By Dennis Crouch
Following the Supreme Court’s equitable relief decision in eBay, many patentees have found it difficult to obtain injunctive relief to stop ongoing infringement – even after final judgment that the patent is both valid and infringed.
In a recent decision, the District Court Judge Blake (D.Md.) seemingly flipped eBay on its head by enjoining TWi Pharma from making or selling a generic version of Par’s patented Megace ES formulary. The upside-down element of the decision is that the order granting the injunction issued only after the court found the patent claims invalid as obvious. Par Pharma v. TWi Pharma, 1-11-cv-02466 (MDD August 12, 2014, Order). To be clear, the order here is not for permanent relief, but only relates to injunction pending appeal.
The doctrine involving the grant of equitable relief pending appeal is a bit squirrelly – especially at the district court level because the general setup involves the court deciding that its decisions are likely wrong. Recognizing that, the law does not require the moving party to show that its case is a likely winner but only a substantial likelihood that the requested equitable relief will be entered as a result of the appeal. Applying this standard, the district court writes:
Par claims that it will succeed on the merits because this court erred in its application of the law with respect to motivations to combine the prior art and inherency. Although the court stands by its judgment, it recognizes that the case presents a close call. Further, the Federal Circuit will conduct a de novo review of whether the ’576 patent is obvious, including whether this court properly interpreted the law regarding motivation and inherency. . . . The court is not persuaded Par has demonstrated a “strong” likelihood of success on appeal—especially given that most of its dispute with this court’s earlier decision is only rehashing the legal arguments it has already made. Par has, however, made a showing of a substantial case.
The district court joined this “substantial case” on appeal with strong evidence of irreparable harm absent relief in its decision to grant the injunction pendente lite.
Regarding the ‘public interest’ element of equitable relief, the court found that element neutral.

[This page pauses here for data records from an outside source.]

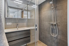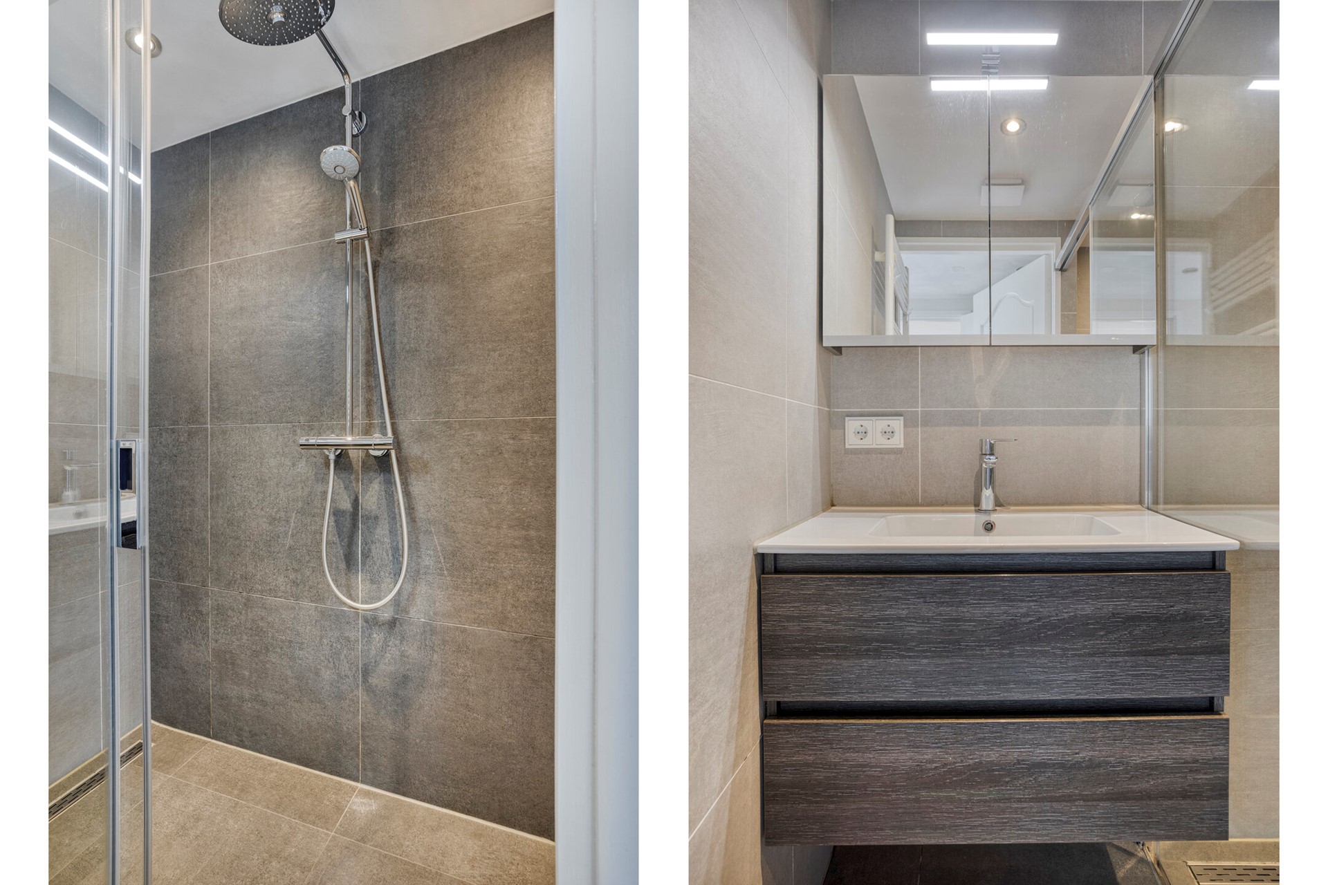 De bijkeuken verbindt functionaliteit met comfort: hier vind je de aansluiting voor de wasmachine en de toegang tot het toilet én de badkamer. Zowel de badkamer als het separate toilet zijn uitgevoerd in dezelfde moderne stijl, wat zorgt voor een strakke, luxe en uniforme uitstraling. De badkamer is volledig betegeld en beschikt over een ruime inloopdouche, een wastafel met wandmeubel en een spiegelkast die de ruimte licht en praktisch maakt.
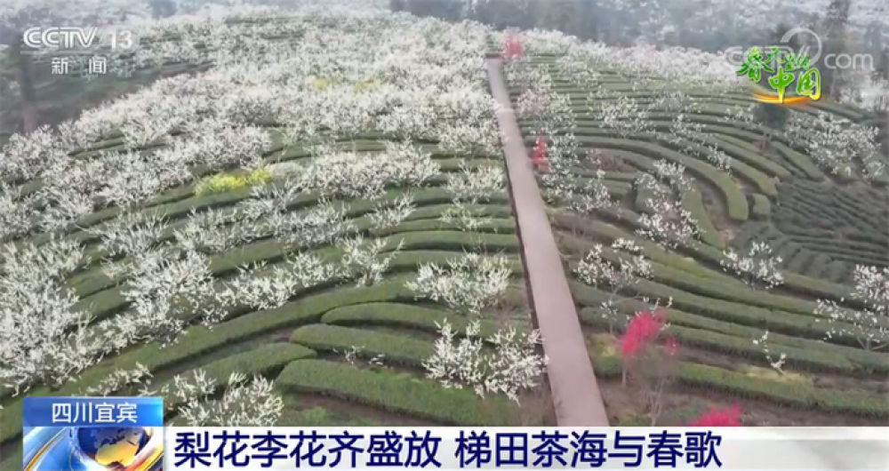 现在我们来到四川宜宾锦屏镇,一树树梨花、李花竞相绽放,将锦屏山装扮一新。放眼望去,一片淡雅纯净的白色花海,树下一行行茶垄郁郁葱葱,仿佛绿色的五线谱,盛放的梨花、李花好似五线谱上跳跃的音符,奏出春天的乐章。游客走进梯田茶海,置身梨花、李花之下,散步踏青,尽享春日美好时光。
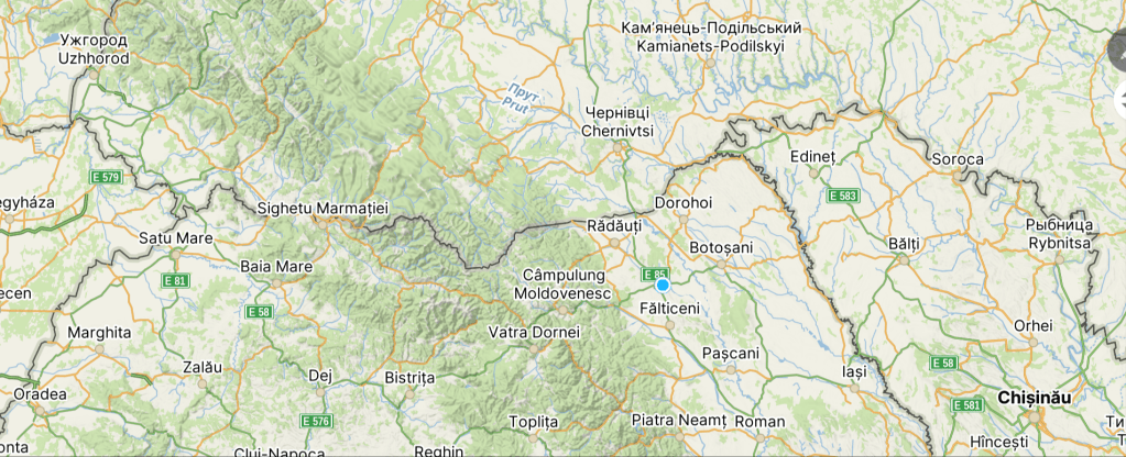 Avant de prendre la route, un point géographique pour me situer. Je me trouve au niveau du point bleu. Les frontières sont matérialisées par les traits noirs. A l’est, c’est la Moldavie avec sa capitale Chisinau. Au nord, c’est l’Ukraine. Et, à l’ouest, la Hongrie. Je vais partir plein ouest vers la Hongrie. J’ai hésité à monter au nord et suivre la frontière à l’intérieur de l’Ukraine, mais cela craint trop.
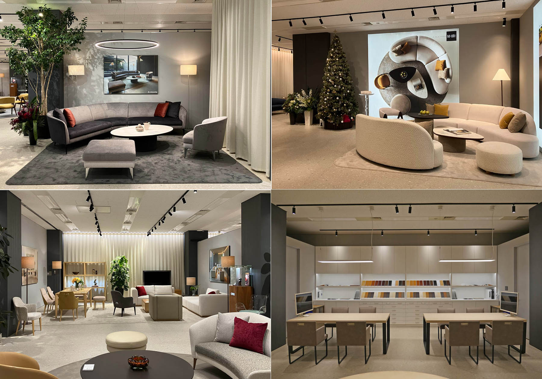 右上:エントランスを入った正面には2025 MODELのNC-075ソファを展示しています。
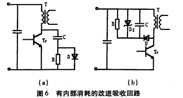 圖6(b)是將變壓器T的原副邊積存的能量轉(zhuǎn).移到電容C上,然后用電阻R將這局部能量耗費掉,也可把電阻R換成穩(wěn)壓二極管D,以防止能量的耗費。
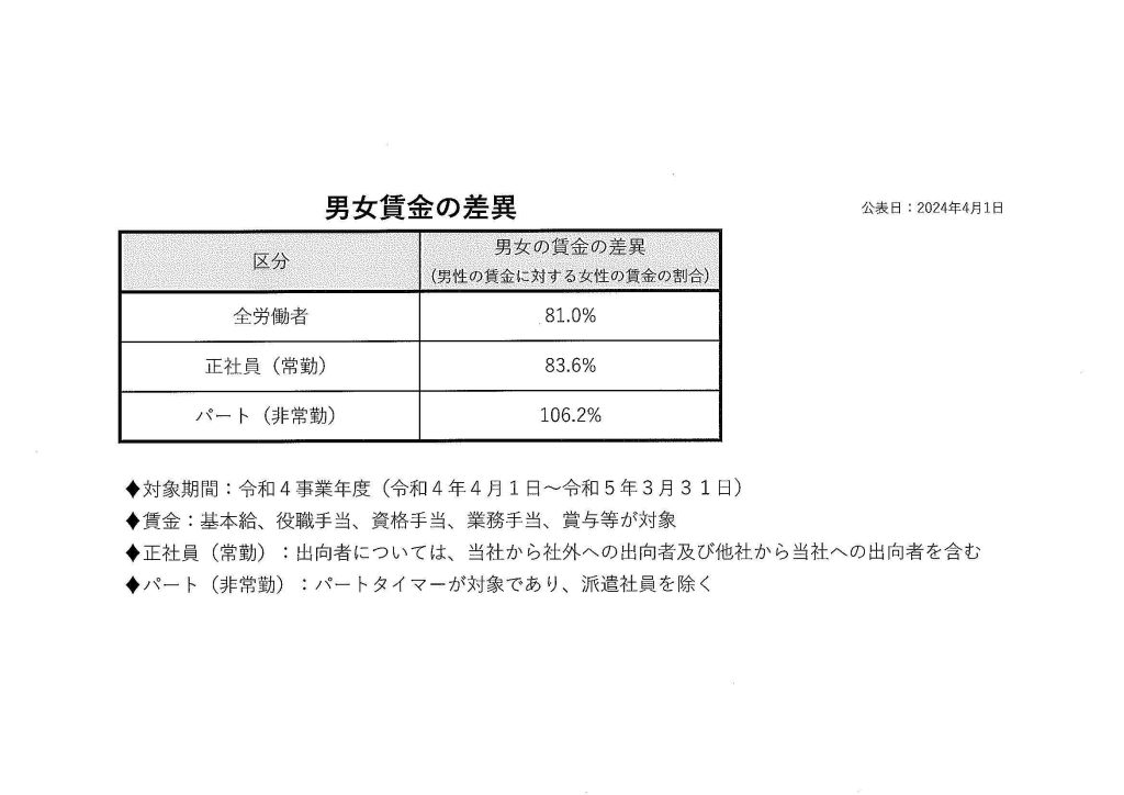 行動計画・男女賃金の差異
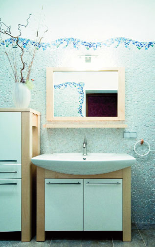 Говоря о цветовых решениях, можно отметить, что встречаются и строгая монохромность, и комбинации контрастных цветов. По-прежнему актуально сочетание гладких поверхностей с фактурными, плиток правильной формы с криволинейными. Популярна керамическая плитка, имитирующая камень, дерево, металл, морскую гальку, трикотаж, кожу, гобелен и мешковину. Что касается рисунка, то он может быть самым разнообразным: растительным, абстрактным, геометрическим, мелким и крупным.
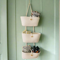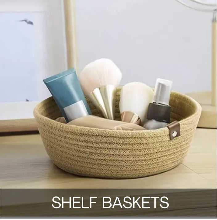White Cotton Storage Shelf Basket Set with Leather Handles - Multiple Sizes
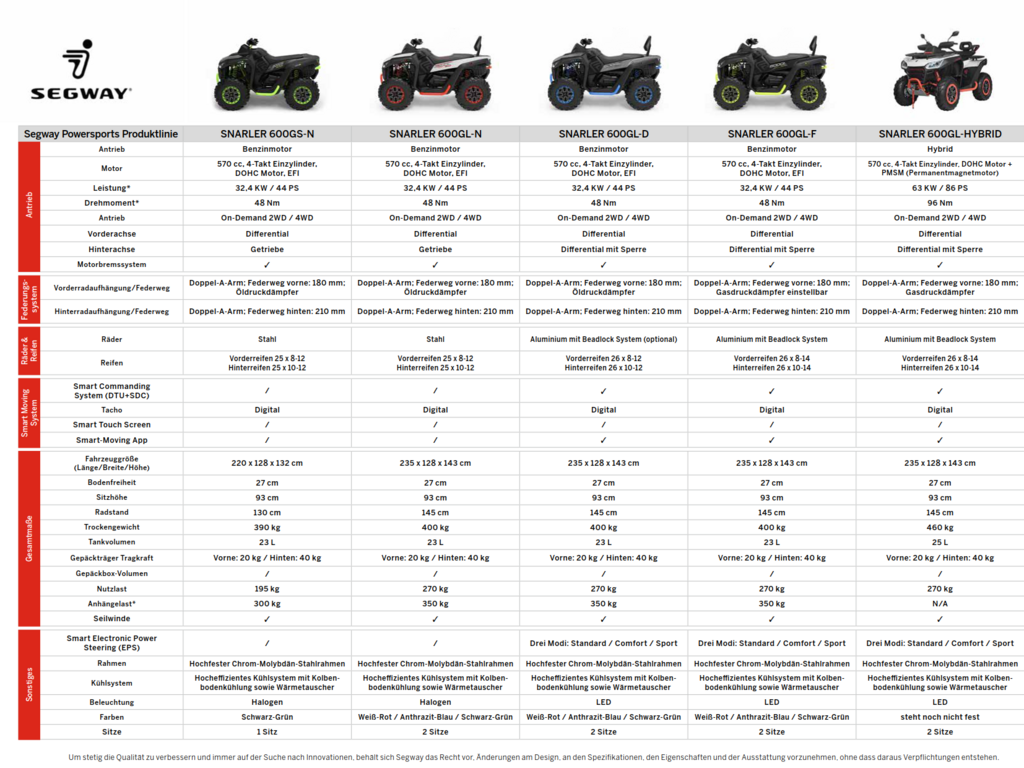 Die ATVs Segway Snarler von Segway Powersports umfassen eine überschaubare Anzahl von Fahrzeugen, zu denen z.B. die Segway Snarler 600 GL-F gehört.
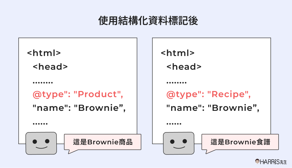 使用結構化資料標記後,即可提醒 Google ,網頁上的 Brownie 究竟是哪一種類型的內容,就能更容易讓網頁內容以相符的模式出現在搜尋結果上。
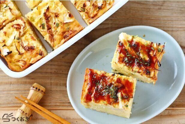 お好み焼き粉がなくても、小麦粉と長いもがあれば自宅で簡単にお好み焼きがつくれるんですよ。すりおろした長いもをたっぷり入れた生地は、ふわふわ。ソースやマヨネーズをかけて完成です。
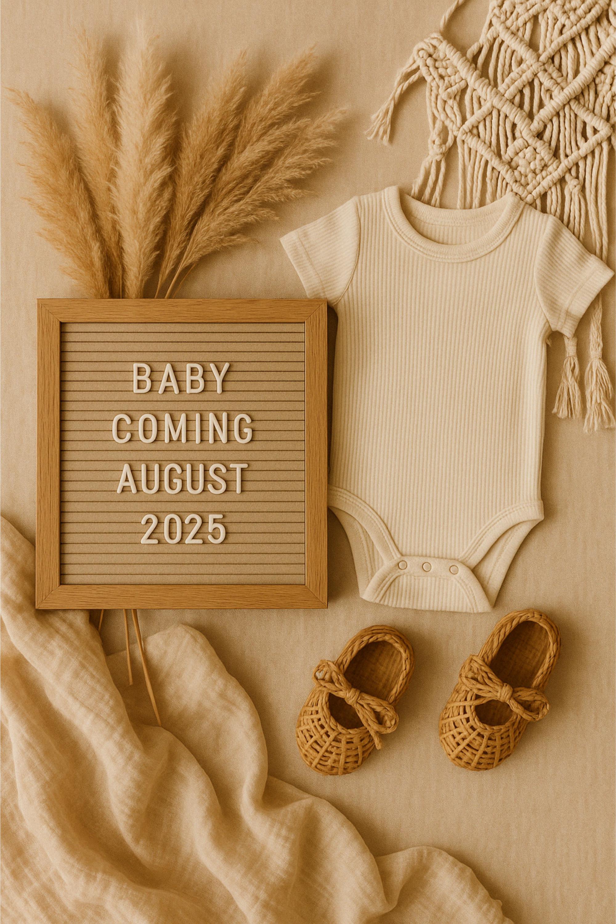 Bring calm, warmth, and intention to your big news with the Boho Dreams digital pregnancy announcement template. Styled with soft neutral tones, pampas grass, and woven textures, this cozy flat-lay scene captures the beauty of nature and minimalism. Perfect for lovers of organic style, slow living, and intentional design, it's an elegant way to announce your baby's upcoming arrival.
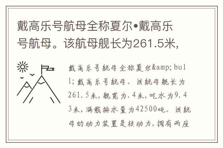 戴高乐号航母全称夏尔•戴高乐号航母。该航母舰长为261.5米,舰宽为.4米,吃水为9.43米,满载排水量为42500吨。该航母的动力装置是核动力,拥有两座核反应堆。航母的食物储量可供1750人食用45天,该航母最大航速为25节。 A. 正确 B. 错误

The court recognizes that the public is served by the availability of low-cost generic medications, especially where an invalid patent has previously barred their entry into the market. On the other hand, the public also has an interest in the protection of valid patents because it promotes innovation. This factor, therefore, is neutral.
An interesting and problematic element of the court’s decision here is that the doctrinal approach makes it easier for a patentee to obtain temporary relief following an adverse final judgment (of invalidity) than prior to such a judgment. The doctrinal difference highlighted by the court between preliminary injunctive relief pending final judgment and post-decision relief pending appeal is simply that the proof of likelihood-of-success is reduced for relief pending appeal. This is obviously problematic because in the second case, the court will have already reached a final judgment that the patentee loses.
In making its decision, the district court applied Federal Circuit precedent regarding relief pending appeal. However, those cases relate generally to the asymmetrical situation of staying-injunctive relief pending appeal rather than, as here, granting injunctive relief pending appeal.
There is a better approach that still recognizes the potential need for injunctive relief pending appeal and that is simply requiring a greater showing of need for relief (irreparable harm; balance of hardships; public interest) when the likelihood-of-success element is reduced.